> [Activity] Using the records below, reproduce exactly the lines from the one containing "The bottom boundary" through the end, and nothing more; skip the images.

> [Information provided]
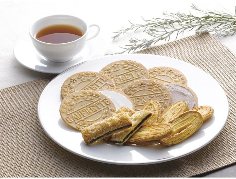 商品内容:ゴーフレット(チョコ)×5、ゴーフレット(バニラ)×10、アーモンドパイ・ショコラスティックパイ×各4
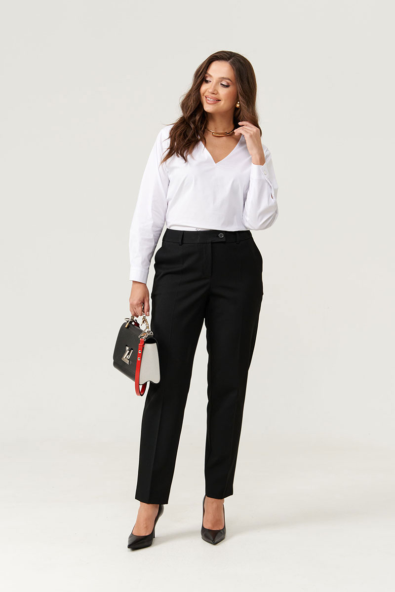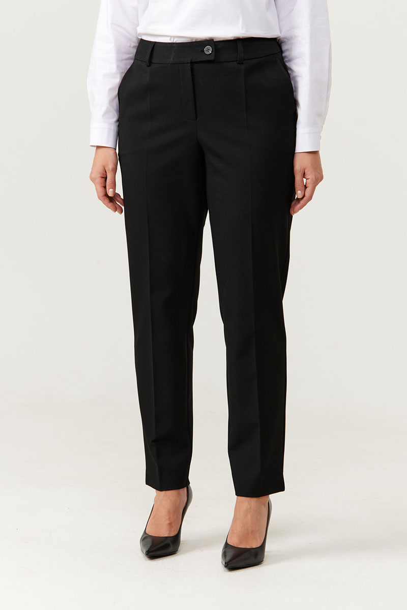 Эти женские брюки из поливискозной ткани идеально подходят для повседневной носки. Верхний срез брюк обработан притачным поясом, внутренний срез пояса украшен декоративной тесьмой, что придает изделию аккуратный и стильный вид. Застежка на одну обметанную петлю и одну пуговицу, а также имеется застёжка на тесьму-молнию в среднем шве брюк. Пояс дополнен шлёвками, позволяющими носить их с ремнём для дополнительной регулировки посадки и комфорта. Задняя часть брюк оснащена двумя талиевыми вытачками, обеспечивающими хорошую посадку по фигуре. Также имеется прорезной карман с двумя обтачками, добавляющий функциональности и эстетики. В боковых швах расположены боковые прорезные карманы с подкройным бочком, что делает эти брюки практичными для ежедневных нужд. В боковом шве имеются небольшие разрезы. Чёрный оттенок делает их универсальным элементом гардероба, сочетающим стиль и практичность.
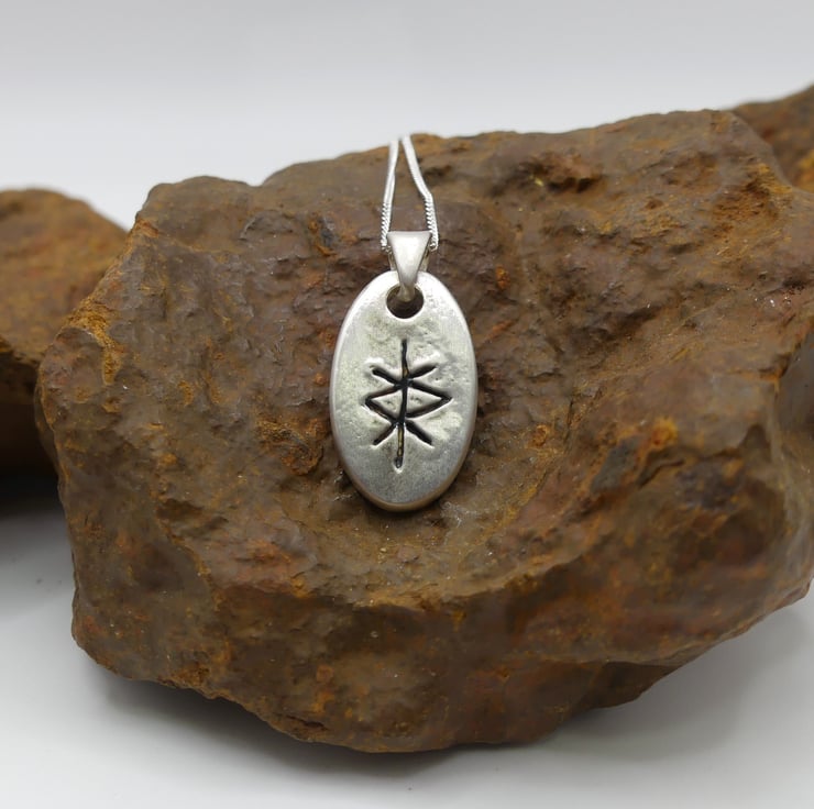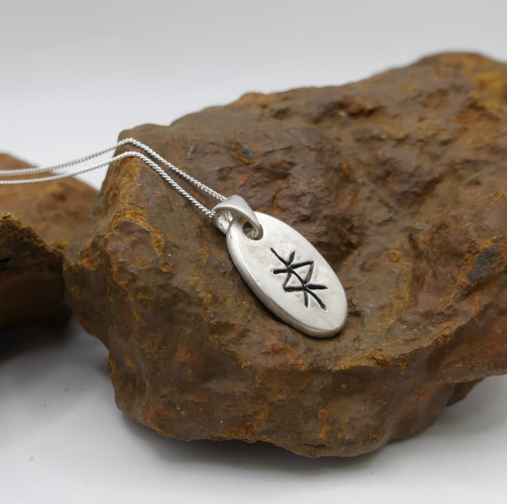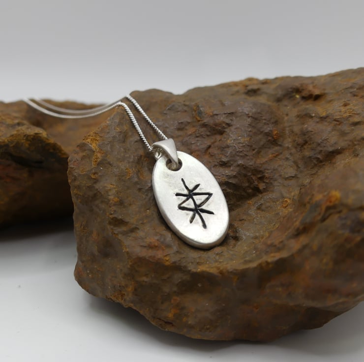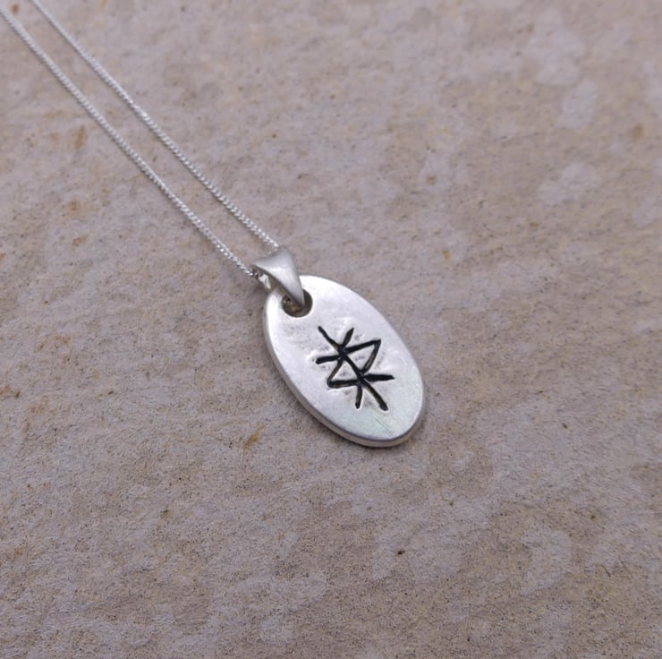 Recycled Sterling Silver Protection Bind Rune Pendant Necklace ECO STS Chain.
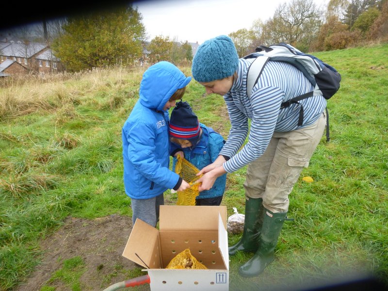 The bottom boundary of Parkinson’s Park was a hive of industry this morning with a great number of folk joining in with the spring bulb planting . We were fortunate to receive 1000 narcissus bulbs free from Groundwork Trust and with everyone pitching in they all got planted in less than an hour, just finishing before the heavens opened.
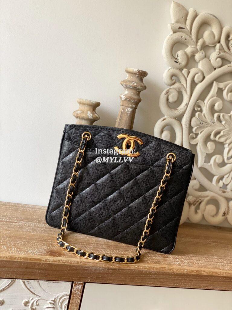 Top Quality Version:MYLLVV » Chanel Diamond Plaid Caviar Cowhide Shopping Bag Black With Gold A98
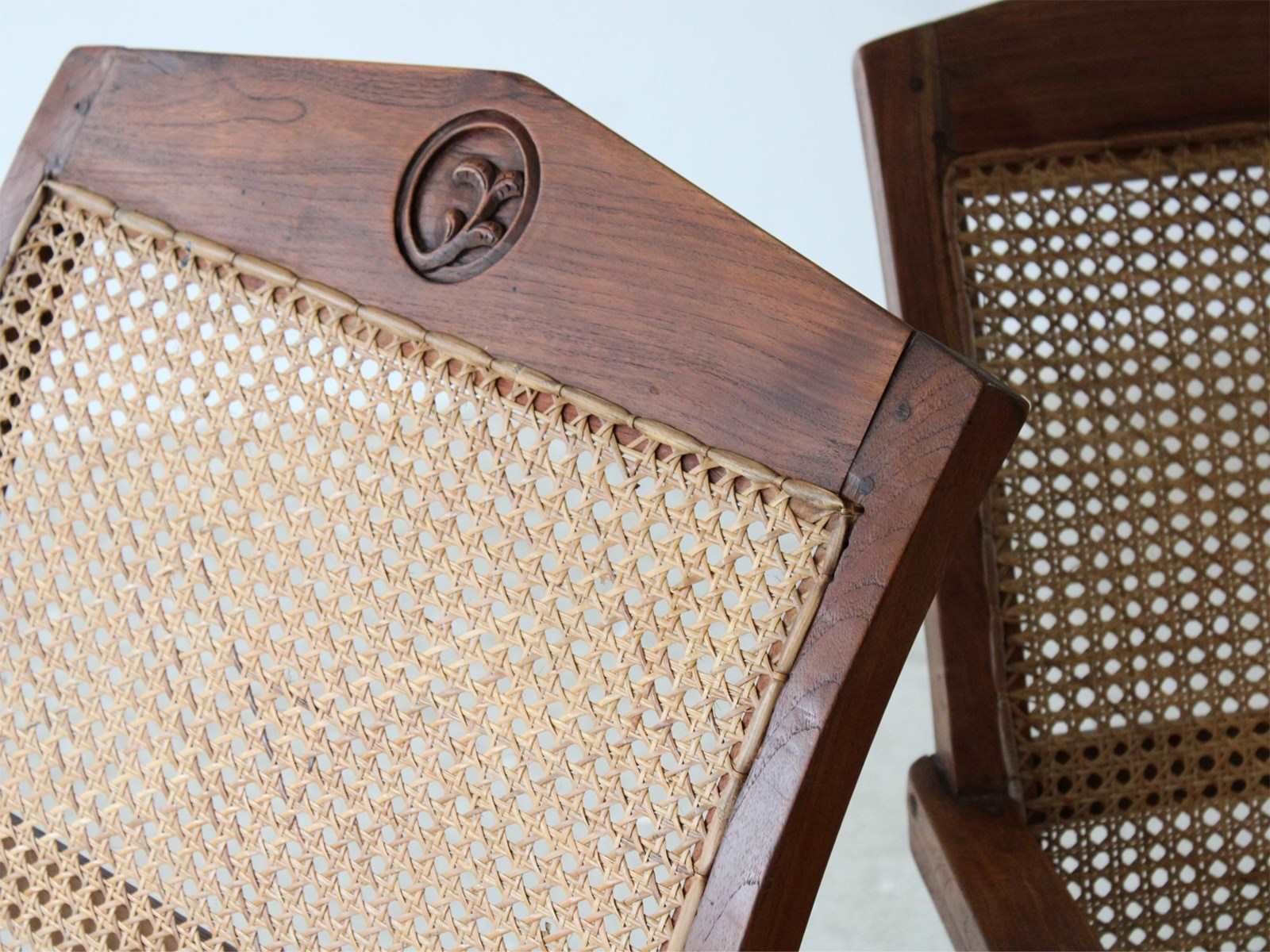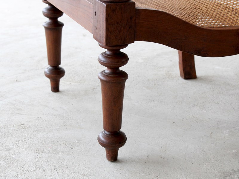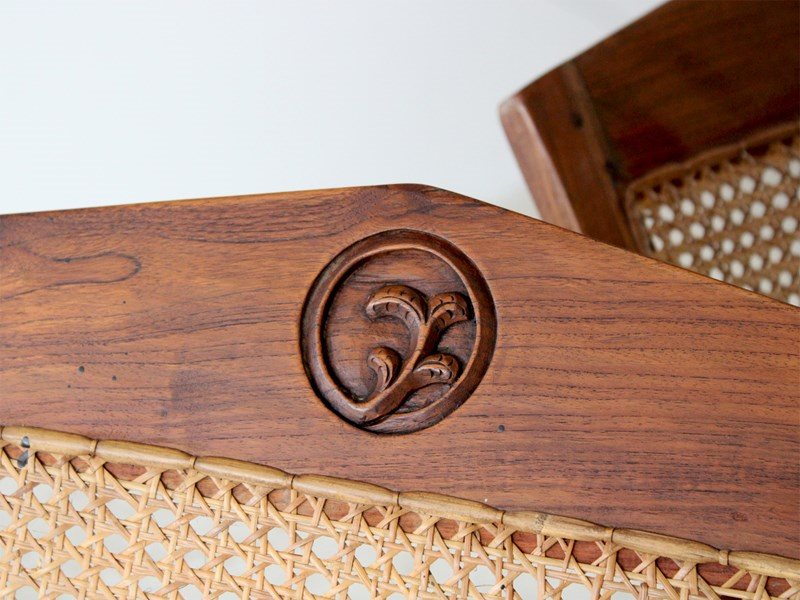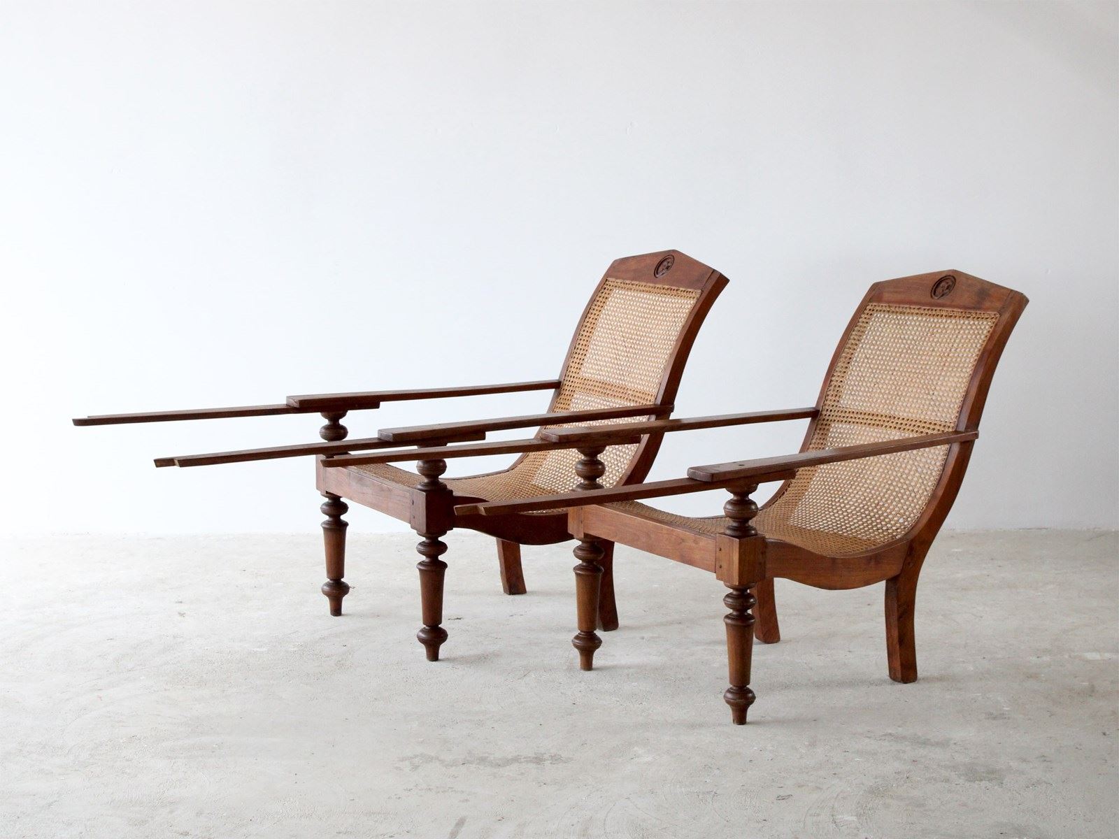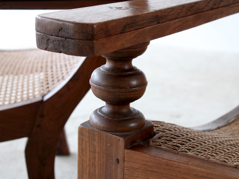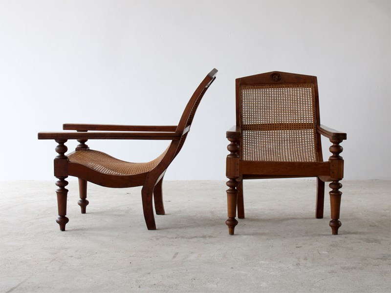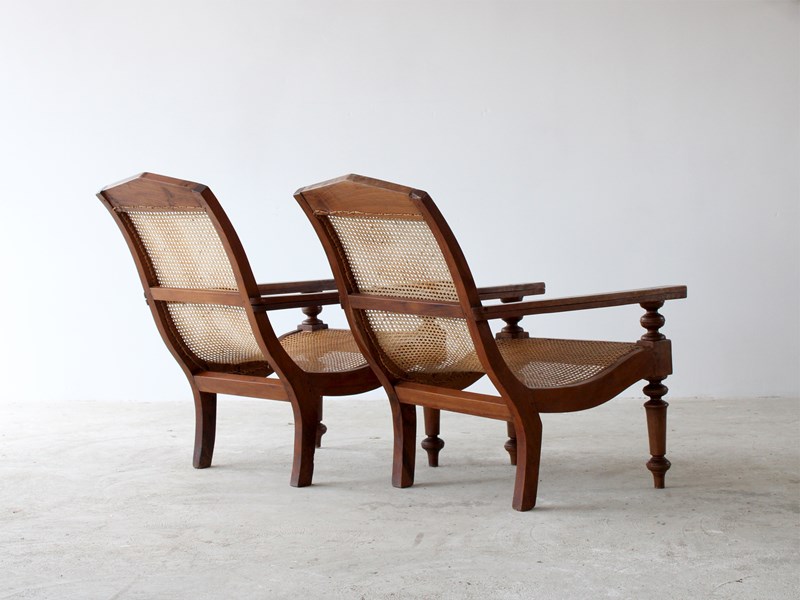 A pair of teak plantation chairs with caned seats, c. 1900.

> [Solution for this task]
 The bottom boundary of Parkinson’s Park was a hive of industry this morning with a great number of folk joining in with the spring bulb planting . We were fortunate to receive 1000 narcissus bulbs free from Groundwork Trust and with everyone pitching in they all got planted in less than an hour, just finishing before the heavens opened.
 Top Quality Version:MYLLVV » Chanel Diamond Plaid Caviar Cowhide Shopping Bag Black With Gold A98
 A pair of teak plantation chairs with caned seats, c. 1900.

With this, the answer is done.